Can you also describe the behavior on the cluster, is the share-manager pod in the longhorn-system namespace getting continuously recreated?

PhanLe1010 · 2021-09-13T20:48:16Z

The support bundled was sent over email

timmy59100 · 2021-09-13T20:54:24Z

@joshimoo No, the share-managers stays up with the following log constantly:

time="2021-09-13T20:52:15Z" level=warning msg="waiting with nfs server start, volume is not attached" encrypted=false volume=pvc-93aad038-6dda-482f-a8f6-d237a0414561

joshimoo · 2021-09-13T20:56:38Z

Okay just checked the support bundle, this is unrelated to RWX and is similar to this issue:
#2992

PhanLe1010 · 2021-09-13T21:31:07Z

@timmy59100 Can you try to delete this instance manager kubectl delete instancemanager instance-manager-e-8e53eeae -n longhorn-system ?

timmy59100 · 2021-09-13T21:42:55Z

@PhanLe1010 The one volume got attached after deleting the instancemanager. When I try to start the other workloads they are stuck attaching still.

timmy59100 · 2021-09-13T21:45:51Z

After waiting a bit every volume got attached.

PhanLe1010 · 2021-09-13T21:45:55Z

Can we have a new support bundle?

timmy59100 · 2021-09-13T21:53:28Z

sent over email.

PhanLe1010 · 2021-09-13T21:55:09Z

Which volume is stuck in attaching?

timmy59100 · 2021-09-13T21:57:09Z

After waiting a bit every volume got attached.

How did you know which instancemanager to kill?

PhanLe1010 · 2021-09-13T22:07:14Z

Sorry, I missed the earlier message.

Apparently, it is because there are multiple instance managers with the same spec (nodeID and image) in the cluster so Longhorn manager is confused and don't know which instance manager to pick to start engine/replica: https://github.com/longhorn/longhorn-manager/blob/5da6ccfbba0c4ae441c6b5101ace541c42271f81/datastore/longhorn.go#L2435

I just tell you to delete one of the extra instance manager among the ones that have the same spec.

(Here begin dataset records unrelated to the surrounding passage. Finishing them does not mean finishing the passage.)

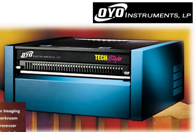
TechStyler (de 14 pulgadas de ancho)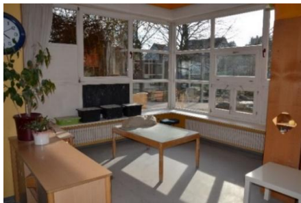
Das PädArT-Atelier in der Ev. Kita Modau in Ober-Ramstadt

Im gemeinsam erlebten kreativen Prozess können Begegnungen stattfinden, Beziehungen entstehen und neue Erfahrungsräume eröffnet werden. Der Raum unterstützt damit nicht nur das Arbeiten am Ton, sondern auch die Entwicklung von Wahrnehmung, Selbsttätigkeit, Beziehung und Ausdruck.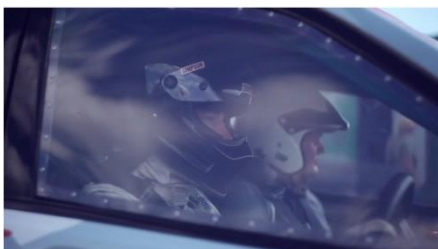
https://vimeo.com/69021414 3 тап RDS/ 2013

Лучше всего атмосферу дрифта передают видео, сделанные настоящими профессионалами, которые с головой погружены в происходящее. Представляем вам подборку самых захватывающих роликов, которые сделали члены нашей команды и наши друзья. Эти ролики имеют большую популярность среди поклонников дрифта, распространяются в Интернете.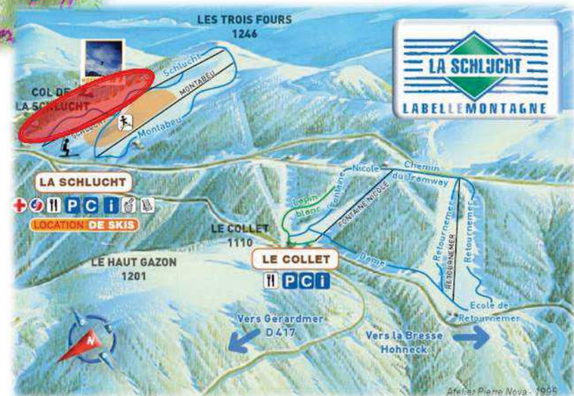
Situation sur plan des pistes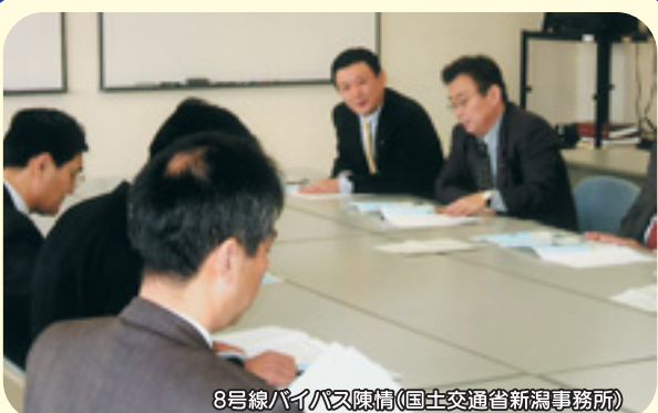
8号線バイパス陳情(国土交通省新潟事務所)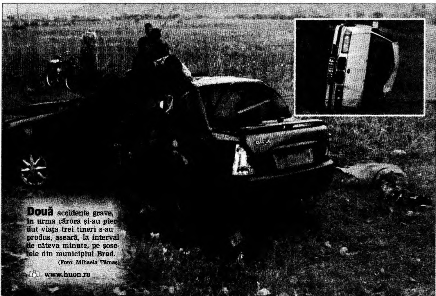
Două accidente grave, în urma cărora și-au pierdut viața trei tineri s-au produs, aseară, la interval de câteva minute, pe șoselele din municipiul Brad.

accidentului, la ieșirea din Brad mor alți doi tineri. Aici, din cauza vitezei, conducătorul unei Dacia Solenza pierde controlul volanului și intră într-un copac de pe marginea șoselei. Un tânăr moare pe loc, unul în drum spre spital, iar al treilea se află în stare gravă la Spitalul din Brad. /p.3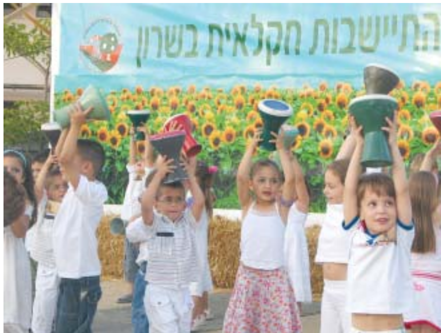
מופע דרבוקות של ילדי הגנים במועצה

הבאה יהיו אלה גבעת חן, כפר סירקין, צופית ורמות השבים, בעוד שנתיים יגיע לגיל המופלג כפר מע"ש ובעוד שלוש שנים יהיה זה גן חיים . שלושה מיישובי המועצה ה"ותיקים" - כפר מל"ל, גת רימון, וגבעת השלושה כבר חגגו 75 שנה להיווסדם, ואילו השאר הינם "צעירים" ונוסדו בין השנים 1949 ועד היום (צור יצחק).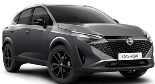
Темно-сірий - KAD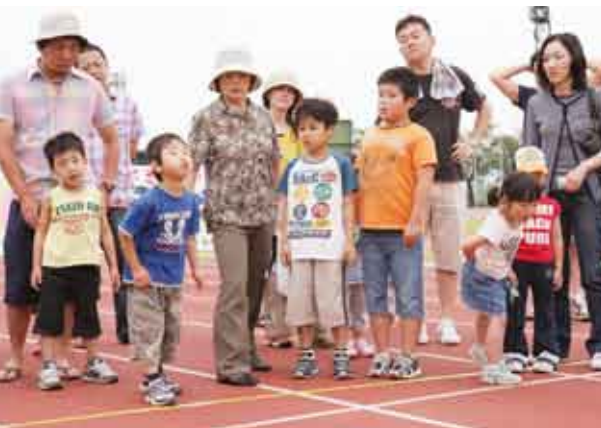
サクランボの種を飛ばして新記録に挑戦する子どもたち

また、沿道に並んだ直売所や道の駅十文字では、サクランボを求めて訪れた観光客たちが列をなし、大いににぎわっていました。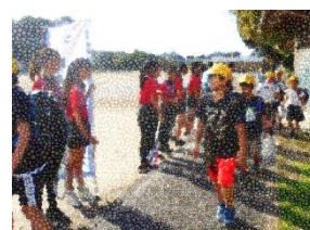
柏原中学校との合同あいさつ運動

地域の方から、「子供たちのあいさつが素晴らしい」というお話を聞きました。登下校の時、道で会った時、「おはようございます」「こんにちは」と元気に言う子がたくさんいるのだそうです。子供たちにあいさつをされると元気をもらえる気がするそうです。集会所の中でも、外から子供たちの声が聞こえると、明るい気持ちになるとおっしゃっていました。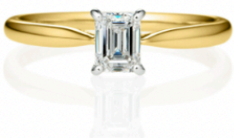
シンシア ソリティア リング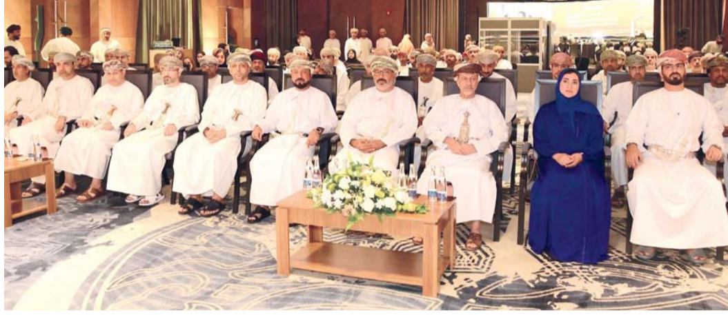
■ المنصة تقدم منظومة رقمية متكاملة لإدارة بيانات سلاسل التوريد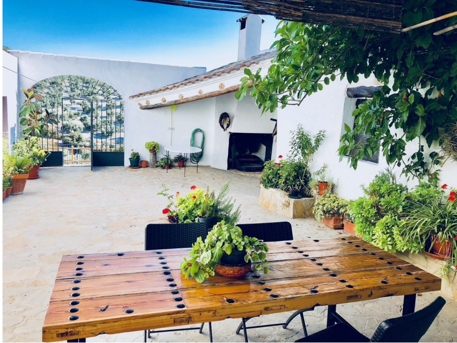
Alojamiento en Villanueva de Algaidas disponible a través de la plataforma Airbnb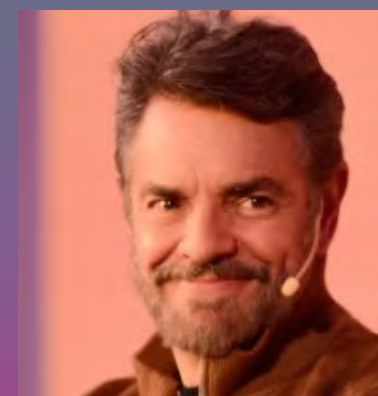
EUGENIO DERBEZ Actor, Dir., Prod. & Chairman & Co-Founder 3PAS Studios México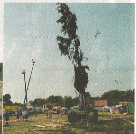
▲ Imposant: Den Besuchern wurde in Groß Heins auch teure und große Forst-High-Tech vorgeführt.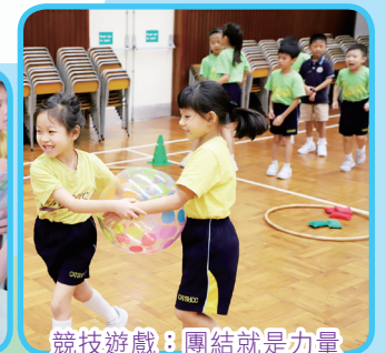
競技遊戲：團結就是力量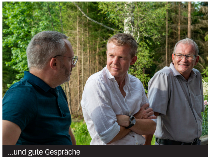
...und gute Gespräche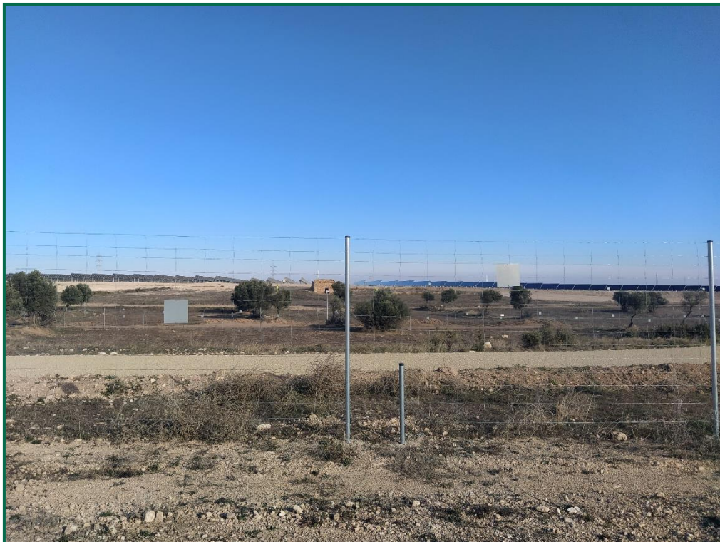
Fotografía 12. Vallado perimetral con paso de fauna.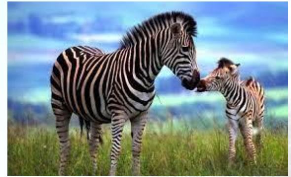
Міжнародний день зебри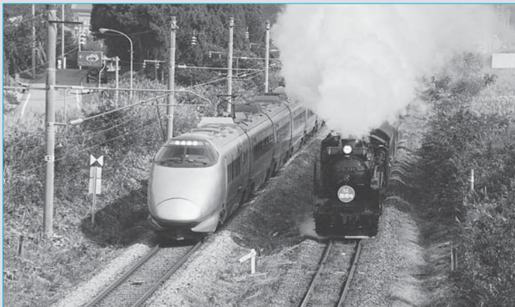
⑨山形新幹線新庄延伸以来5年ぶりに並走した山形新幹線「つばさ」と「SL義経号」

①豪雪期の水不足解消に向け、最上川から取水し市街地の流雪溝へ流す「消流雪用水事業」の試験通水を実施(1月15日～2月6日)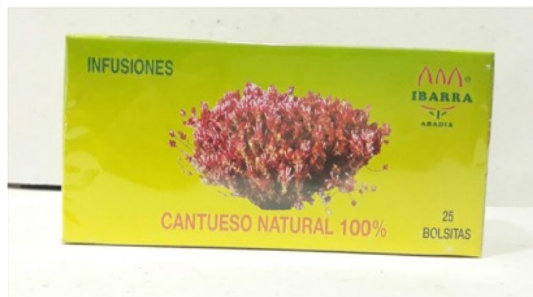
Infusión de cantueso 25 unidades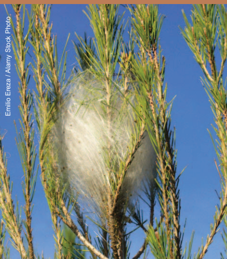
Nid de chenilles processionnaires du pin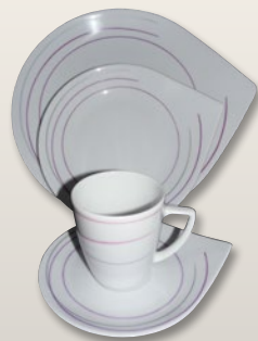
Dekor Streifen aubergine-grau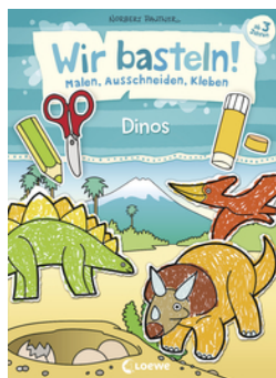
Wir basteln! - Malen, Ausschneiden, Kleben - Dinos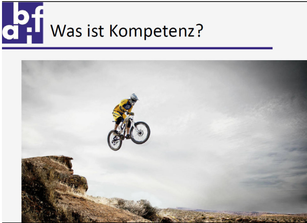
Was ist Kompetenz?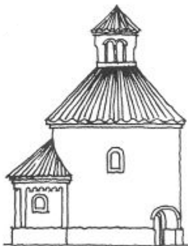
rotunda sv. Kříže v Praze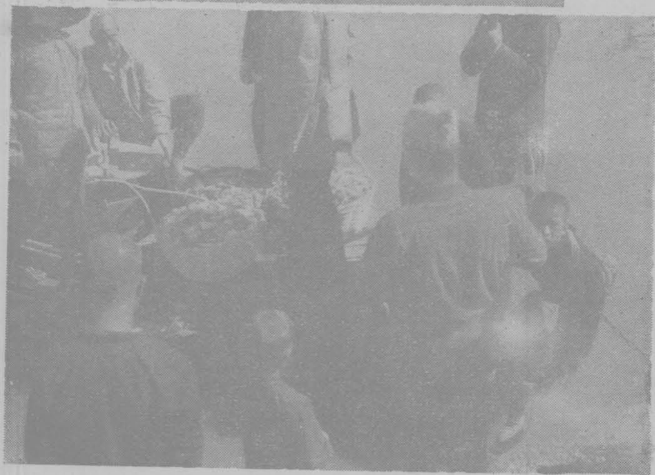
北塘漁船歸港卸魚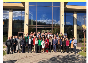
FOOD la final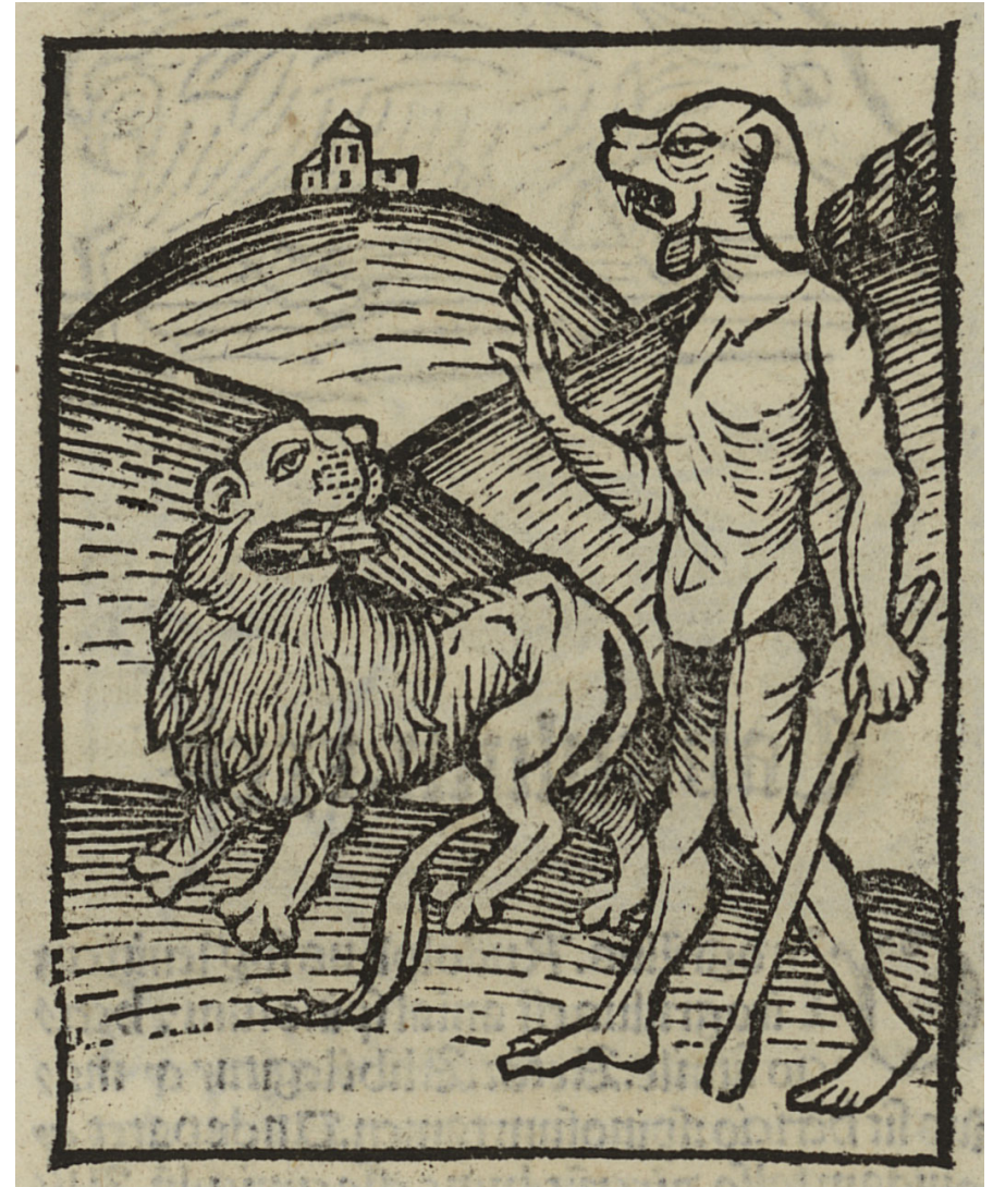
Cephus. Johannes de Cuba. Hortus sanitatis, Strasbourg : Johannes Prüss, circa 1507

For more coloring pages, visit ColorOurCollections.org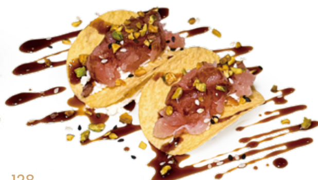
128 CRISPY PHILADELPHIA TUNA chips, philadelphia, tonno*, pistacchio, teriyaki Max 1 porzione a persona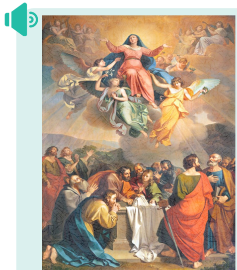
성모 승천 대축일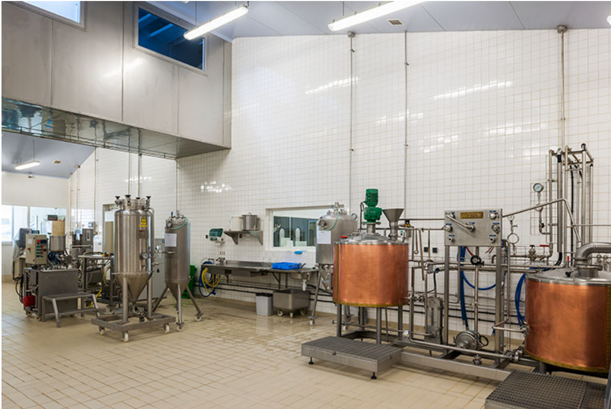
Salle de production des produits frais.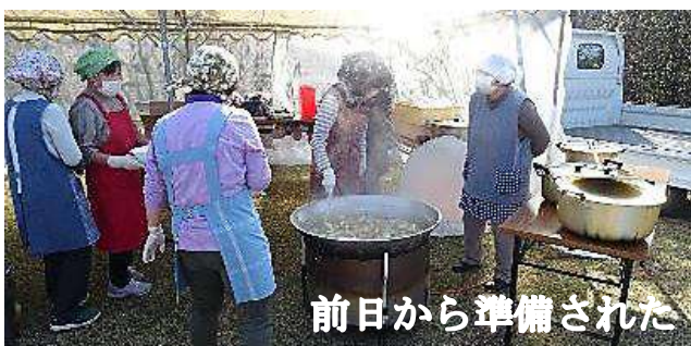
前日から準備された

I am looking into how it is possible to have multiple instance managers with the same spec but I don't know why yet. From code perspective, there shouldn't have multiple instance managers with the same spec: https://github.com/longhorn/longhorn-manager/blob/5da6ccfbba0c4ae441c6b5101ace541c42271f81/controller/node_controller.go#L851-L896

PhanLe1010 · 2021-09-13T22:26:12Z

@timmy59100 Is there any abnormal event that you observed when you upgrading Longhorn? For example, node reboot, ETCD health problem, etc ...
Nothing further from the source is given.